= WORK TASK =
Type out the lines below exactly, pictures excluded.

= RECORDS FOR THIS EXERCISE =
******************************

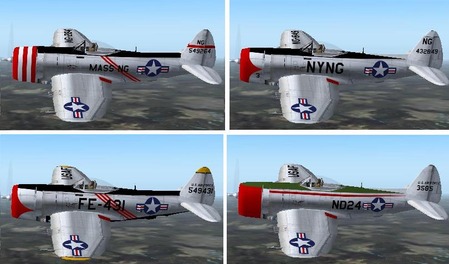 Skins for A.F. Scrub's P-47D Thunderbolt depicting F-47Ds in the colors and markings of three U.S. Air Force and four National Guard and Air National Guard units as they appeared in the late 1940s and early 1950s. Includes planes from the Massachusetts, New York, Rhode Island and Virginia Guard, the USAF's 47th Fighter Interceptor Squadron, USAFE's 86th Fighter Group, and one unidentified active Air Force unit.
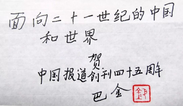 1995年,著名作家、第十届全国政协副主席巴金为《中国报道》创刊45周年题词
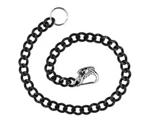 Example of the Indian Head Clasp on a Black Curb Chain With a Wallet Attachment Ring.
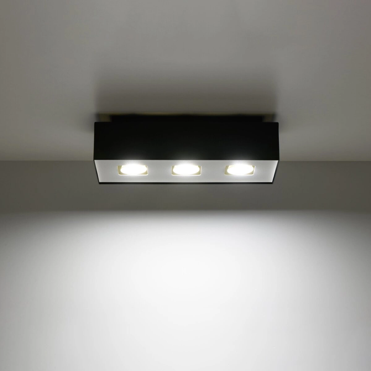 Stropní plafon MONO 3 Sollux jednoduše promění atmosféru každého moderního interiéru. Jeho čtvercová černá forma je působivou alternativou ke klasickým lustrům nebo závěsným lampám – získáte tak nejen funkční, ale i designové osvětlení. Je to skvělá volba pro ty, kteří chtějí vytvořit útulný a zároveň výrazný prostor pro život i práci.
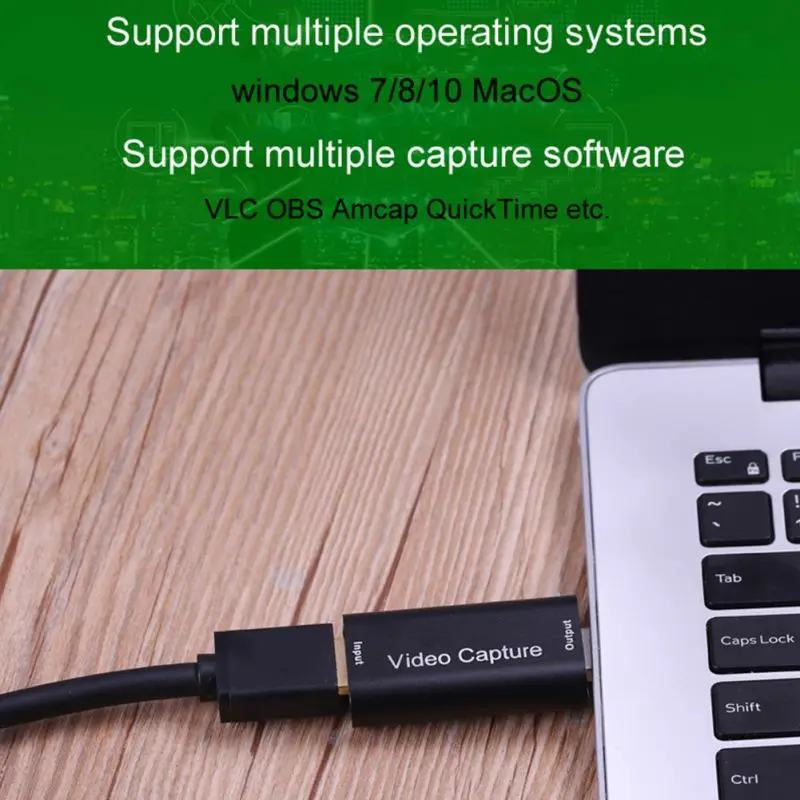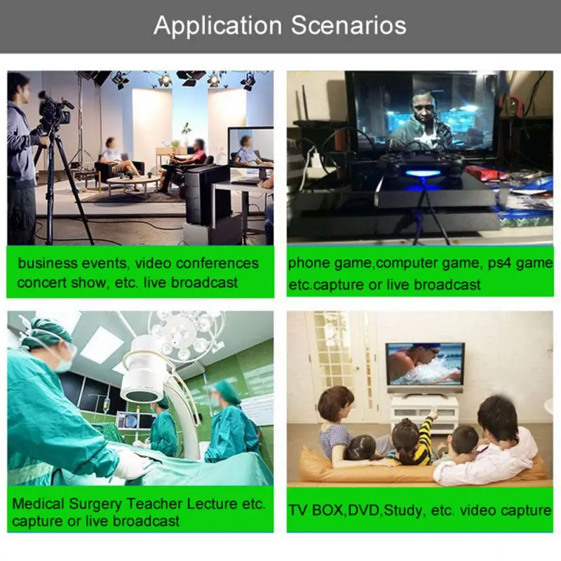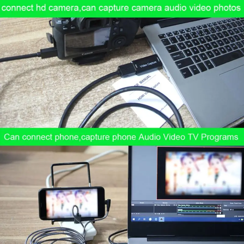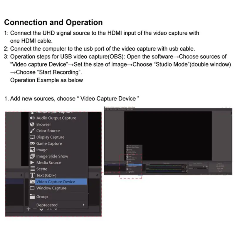 Product introduction:This USB 2.0 capture card can capture HDMI video and HDMI audio at the same time. It can transmit audio and video signals to a computer and smart phone for preview and storage. Suitable for high-definition acquisition, teaching recording, medical imaging, etc.Features:* Support maximum input resolution up to 4K;* Support maximum output resolution up to 1080P;* Support 8/10/12 bit color depth;* When using standard AWG26 cable, input transmission distance up to 15 meters (1080P and below resolution);* Support most acquisition software, such as VLC, OBS, Amcap, etc .;* Support Windows, Android and MacOS;* Comply with USB video UVC specifications;* Complies with USB audio UAC specifications;* No external power supply, compact size and easy to carry.AProduct Specifications:specification:HDMI resolution: the highest input can support 4KVideo input format: 8/10 / 12-bit color depthVideo output mode: YUV, JPEGVideo output resolution: Maximum output resolution 1080PSupport audio format: L-PCMInput cable length: ≤15 meters, AWG26 HDMI standard cableMaximum working current: 0.4A / 5VDCOperating temperature range: (-10 to + 55 ℃)Size: 64x28x13 (mm)Weight: 21.4gConnection operation:1: Connect the UHD signal source and the HDMI input port of the USB capture card through 1 HDMI cable2: Plug the USB header of the USB capture card into the USB port of the computer3: Acquisition operation steps (OBS): Open the software → add a new source → select ‘video capture device’ → set the screen size →Select ‘Studio Mode’ (dual window) → click ‘Start Recording’, see the example below1. Add a new source and select ‘Video Capture Device’ 2. Set the screen size3. Select ‘Studio Mode’ (dual window) and the above settings are completed.Note: Computer-side hardware configuration requirementsCPU: PC i5-3400 or above; NB i7-3537U 2.0GHZ or aboveGraphics card: PC NVIDIA GT630 or above; NC NVIDIA GT735M or

******************************

= OUTPUT FOR THIS EXERCISE =
 Skins for A.F. Scrub's P-47D Thunderbolt depicting F-47Ds in the colors and markings of three U.S. Air Force and four National Guard and Air National Guard units as they appeared in the late 1940s and early 1950s. Includes planes from the Massachusetts, New York, Rhode Island and Virginia Guard, the USAF's 47th Fighter Interceptor Squadron, USAFE's 86th Fighter Group, and one unidentified active Air Force unit.
 1995年,著名作家、第十届全国政协副主席巴金为《中国报道》创刊45周年题词
 Example of the Indian Head Clasp on a Black Curb Chain With a Wallet Attachment Ring.
 Stropní plafon MONO 3 Sollux jednoduše promění atmosféru každého moderního interiéru. Jeho čtvercová černá forma je působivou alternativou ke klasickým lustrům nebo závěsným lampám – získáte tak nejen funkční, ale i designové osvětlení. Je to skvělá volba pro ty, kteří chtějí vytvořit útulný a zároveň výrazný prostor pro život i práci.
 Product introduction:This USB 2.0 capture card can capture HDMI video and HDMI audio at the same time. It can transmit audio and video signals to a computer and smart phone for preview and storage. Suitable for high-definition acquisition, teaching recording, medical imaging, etc.Features:* Support maximum input resolution up to 4K;* Support maximum output resolution up to 1080P;* Support 8/10/12 bit color depth;* When using standard AWG26 cable, input transmission distance up to 15 meters (1080P and below resolution);* Support most acquisition software, such as VLC, OBS, Amcap, etc .;* Support Windows, Android and MacOS;* Comply with USB video UVC specifications;* Complies with USB audio UAC specifications;* No external power supply, compact size and easy to carry.AProduct Specifications:specification:HDMI resolution: the highest input can support 4KVideo input format: 8/10 / 12-bit color depthVideo output mode: YUV, JPEGVideo output resolution: Maximum output resolution 1080PSupport audio format: L-PCMInput cable length: ≤15 meters, AWG26 HDMI standard cableMaximum working current: 0.4A / 5VDCOperating temperature range: (-10 to + 55 ℃)Size: 64x28x13 (mm)Weight: 21.4gConnection operation:1: Connect the UHD signal source and the HDMI input port of the USB capture card through 1 HDMI cable2: Plug the USB header of the USB capture card into the USB port of the computer3: Acquisition operation steps (OBS): Open the software → add a new source → select ‘video capture device’ → set the screen size →Select ‘Studio Mode’ (dual window) → click ‘Start Recording’, see the example below1. Add a new source and select ‘Video Capture Device’ 2. Set the screen size3. Select ‘Studio Mode’ (dual window) and the above settings are completed.Note: Computer-side hardware configuration requirementsCPU: PC i5-3400 or above; NB i7-3537U 2.0GHZ or aboveGraphics card: PC NVIDIA GT630 or above; NC NVIDIA GT735M or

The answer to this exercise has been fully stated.